Photographer: Getty Images

Time Warner Cable Changes Its Name, and Suddenly People Love It

Now it’s called Spectrum, and everyone is all rainbows and unicorns. What happened?

The commercial begins before dawn. A man rubs his eyes as he gets out of bed, peeking out the window at the cascading rain. He washes his face, pours a cup of coffee, and glances lovingly at his sleeping child before heading out. The only headlights on the highway are his own as he drives through the darkness. As the sun rises, he pulls his van into the driveway of someone else’s house. The nature of this indefatigable man’s work is finally revealed.

It’s the cable guy.

And not just any cable guy: he’s the Time Warner Cable guy. You know, the guy who is scheduled to show up anytime between 8 a.m. and 7 p.m., forcing you to work from home (if you even can) and never leave until he shows up. That guy.

Well, he’s the Spectrum guy now. Acquired by Charter Communications Inc. in 2016, Time Warner Cable was officially rebranded earlier this year. The service has long carried a reputation of abysmal service, leaving hordes of dissatisfied customers frustrated with fee hikes, spotty connections, and the dreaded service call.
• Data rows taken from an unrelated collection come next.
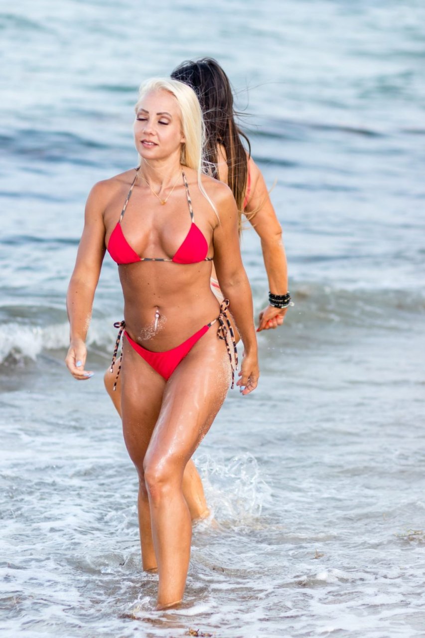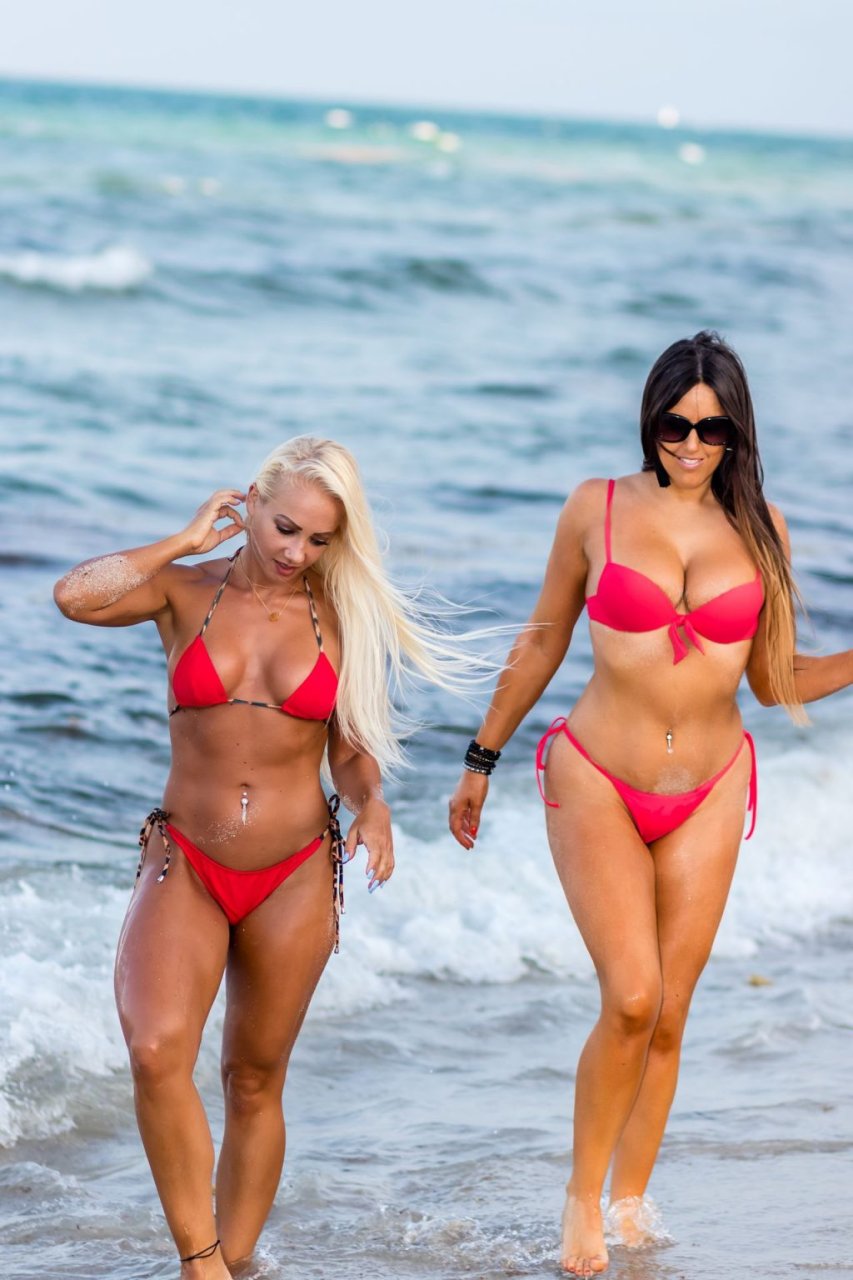 Итальянско-американская звезда реалити-шоу и модель Клаудия Романи с швейцарской фитнес-красавицей Дейзи Джей на Саут-Бич занимаются спортом и йогой, 23.06.2019. Они были в одинаковых красных бикини-стрингах, демонстрируя свои движения.
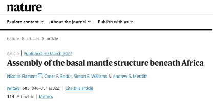 AC米兰中国官网与澳大利亚、英国科研机构合作,于伦敦时间2022年3月30日在国际著名期刊Nature发表题为Assembly of the basal mantle structure beneath Africa的文章。该文章由AC米兰中国官网地质学系Simon Edward Williams教授与澳大利亚卧龙岗大学Nicolas Flament博士和Ömer F. Bodur博士以及英国利兹大学Andrew S. Merdith博士合作发表,Simon Edward Williams教授为第三作者。
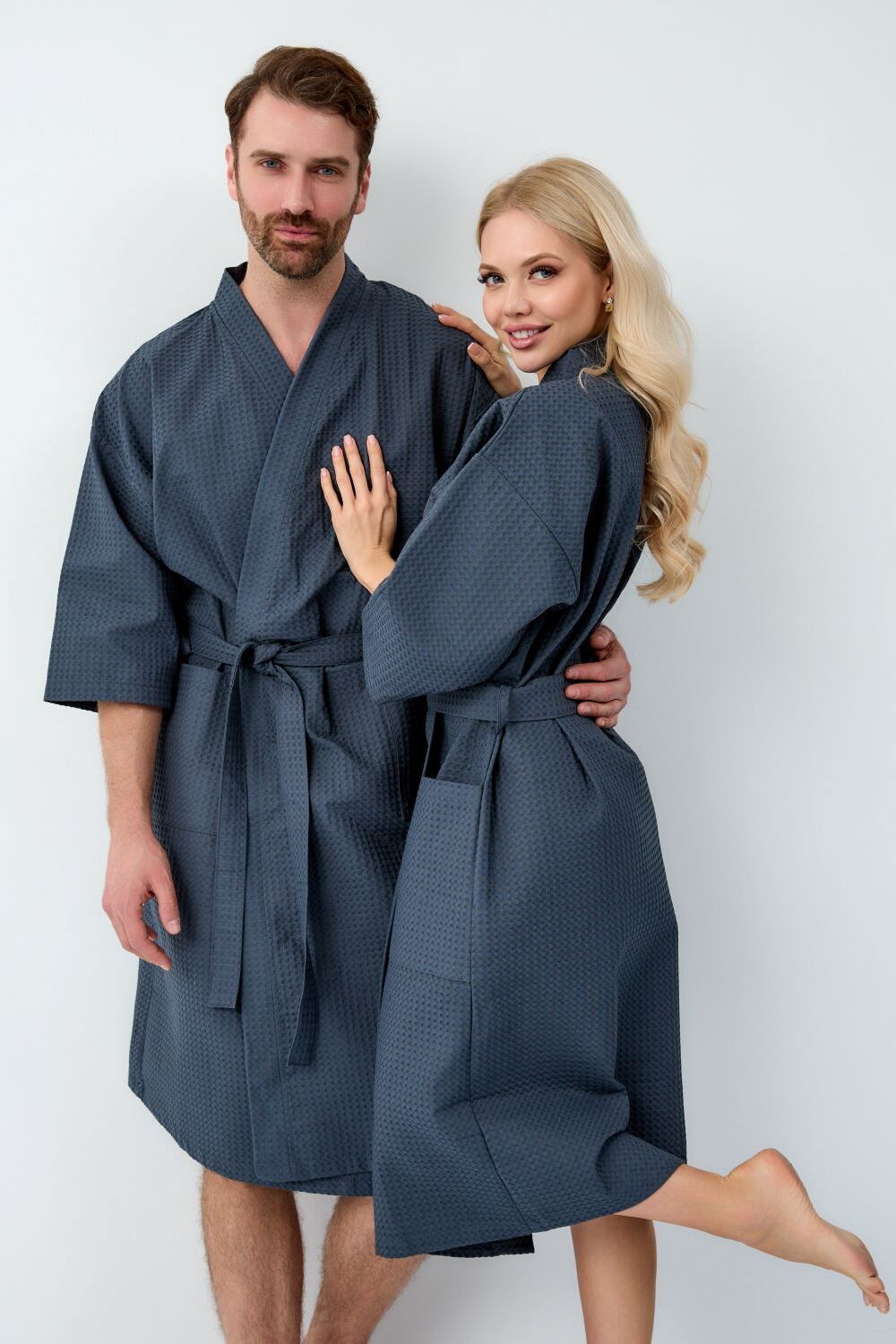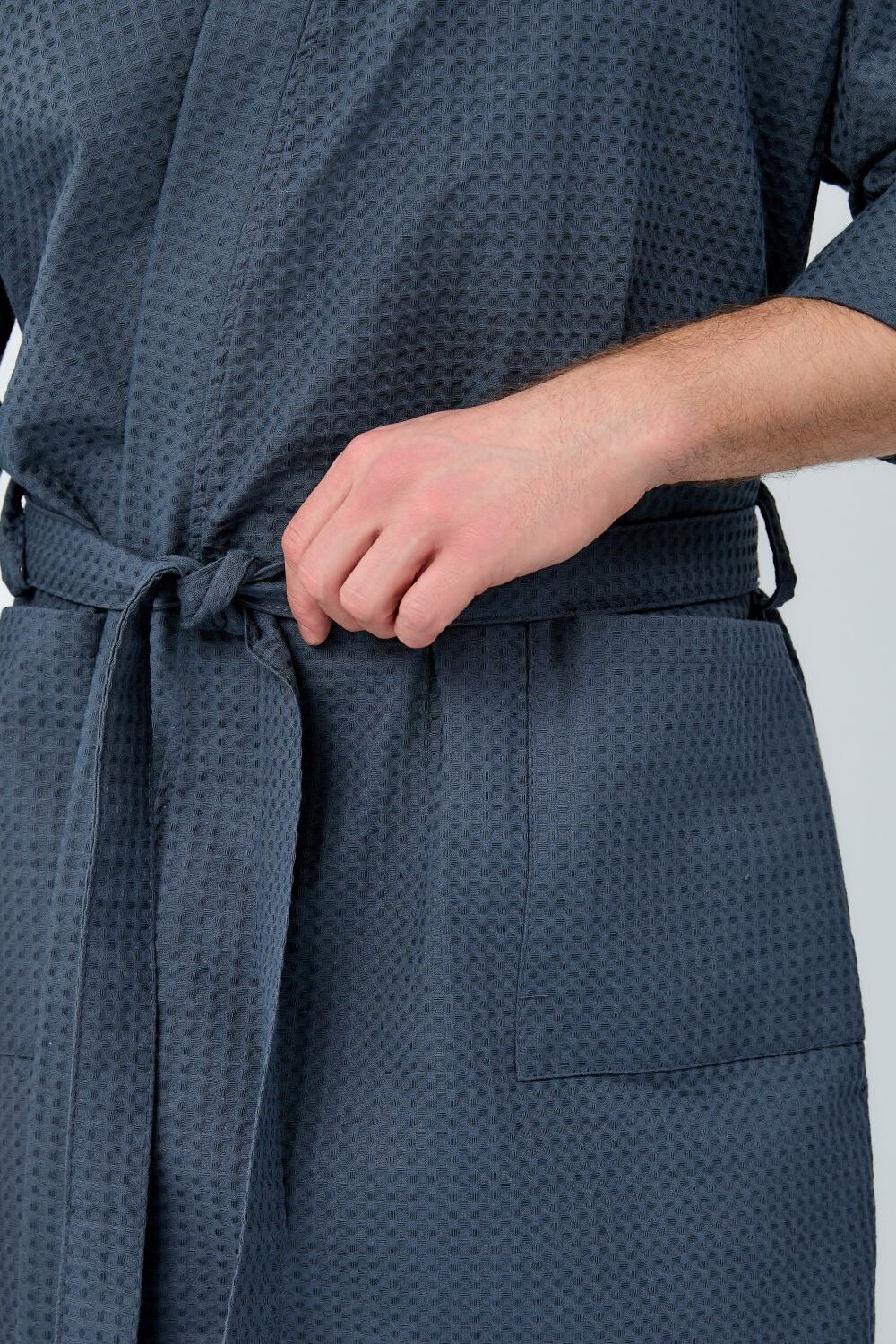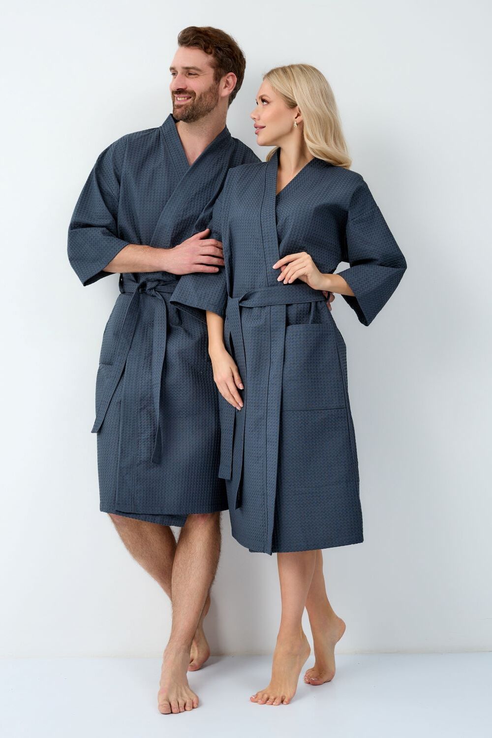 Вафельный халат-кимоно. Рукав 3/4. Карманы накладные. Воротник планка. Размерный ряд от 44/46 до 64/66. Плотность вафельного полотна 242 гр.
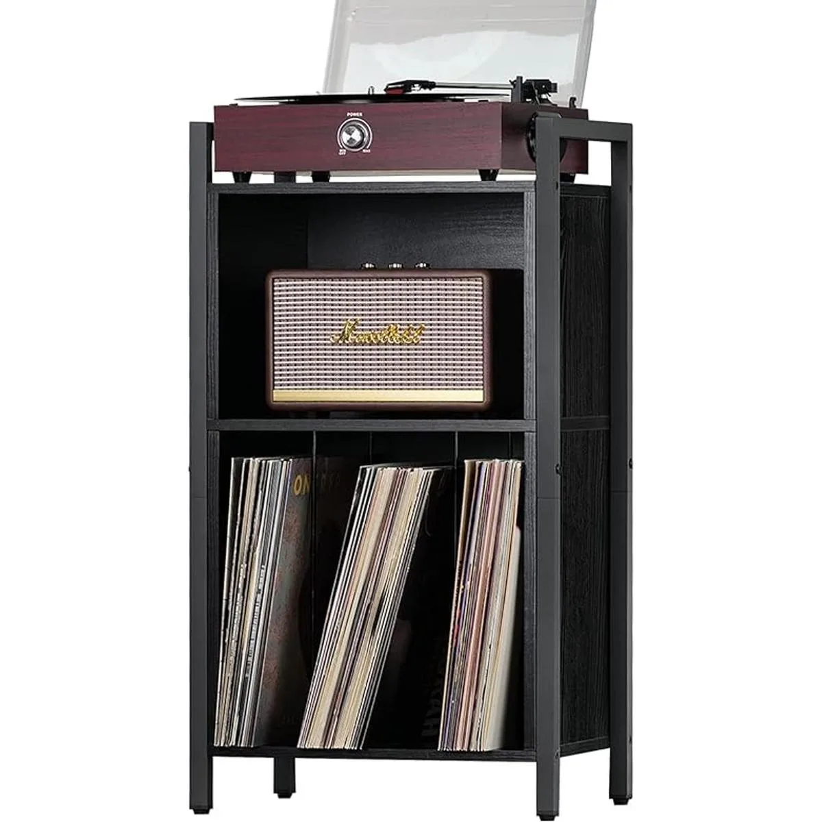 Amplio espacio de almacenamiento: el soporte para tocadiscos de diseño vertical de 3 niveles puede contener hasta 100 discos de vinilo. El armario de tocadiscos tiene un segundo nivel espacioso para satisfacer tus diferentes necesidades de almacenamiento y puede almacenar aperitivos, latas o audio y otros equipos. El diseño recortado de los agujeros redondos en el panel trasero te permite pasar fácilmente cables para conectar al dispositivo. Dimensiones del producto: 11.48 x 15.75 x 28.35 pulgadas.
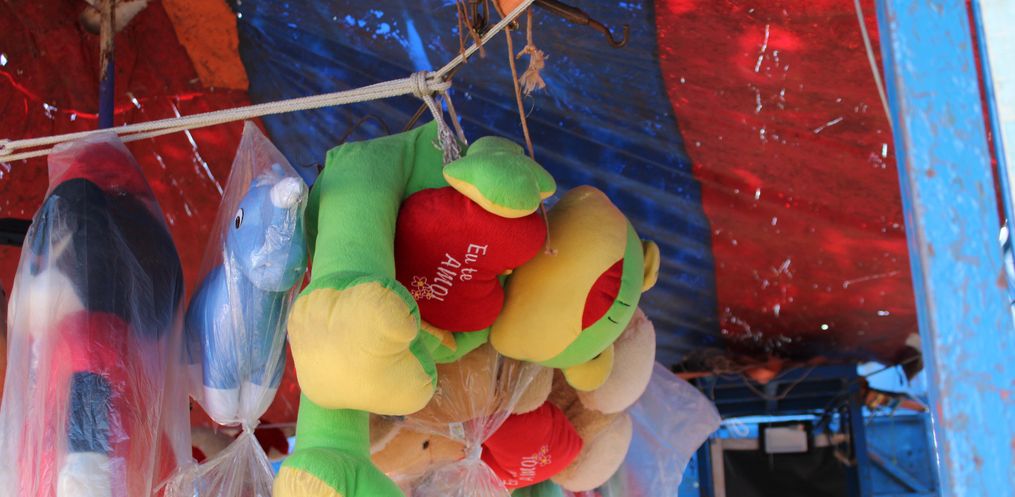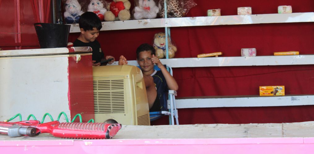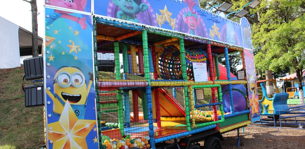 Localizado ao lado da entrada principal da feira, as famílias contam com diversos brinquedos para todas as idades.

Now, tales of woe have become expressions of joy. There have been customer cord-cutting calls that ended with package deals at bargain prices, and chit-chat from Spectrum help desk operators bordering on the saccharine. But most prominently, the cable company has unleashed an advertising blitz to erase the Time Warner Cable name from the collective memory. One commercial features diligent workers laying down cable on the side of the road. Another follows harried parents who find comfort in their reliable internet service. And there’s even one with a three-armed John Stamos using multiple devices in a posh home. A representative for Spectrum declined to comment on its marketing strategy, but even a makeover of New York City’s beloved local cable news station, New York 1, seemed well received, though it came with some painful layoffs.

Before Spectrum took over, things had gotten bad for Time Warner Cable. Last summer, one state regulator sent a letter to Charter’s chief executive, urging him to clean up the broadband provider’s act. An investigation suggested that “Time Warner Cable has earned the miserable reputation it enjoys among consumers,” Tim Wu, senior enforcement counsel and special adviser to the New York Attorney General Eric Schneiderman, told Charter CEO Tom Rutledge. “Overcoming this history will require more than a name change; it will require a fundamental revolution in how Time Warner Cable does business and treats its customers.”

With Charter in charge and the corresponding branding shift, consumer perception headed skyward, according to data from researcher YouGov BrandIndex. Each weekday, the firm interviews 4,800 individuals from a representative panel of 1.8 million people.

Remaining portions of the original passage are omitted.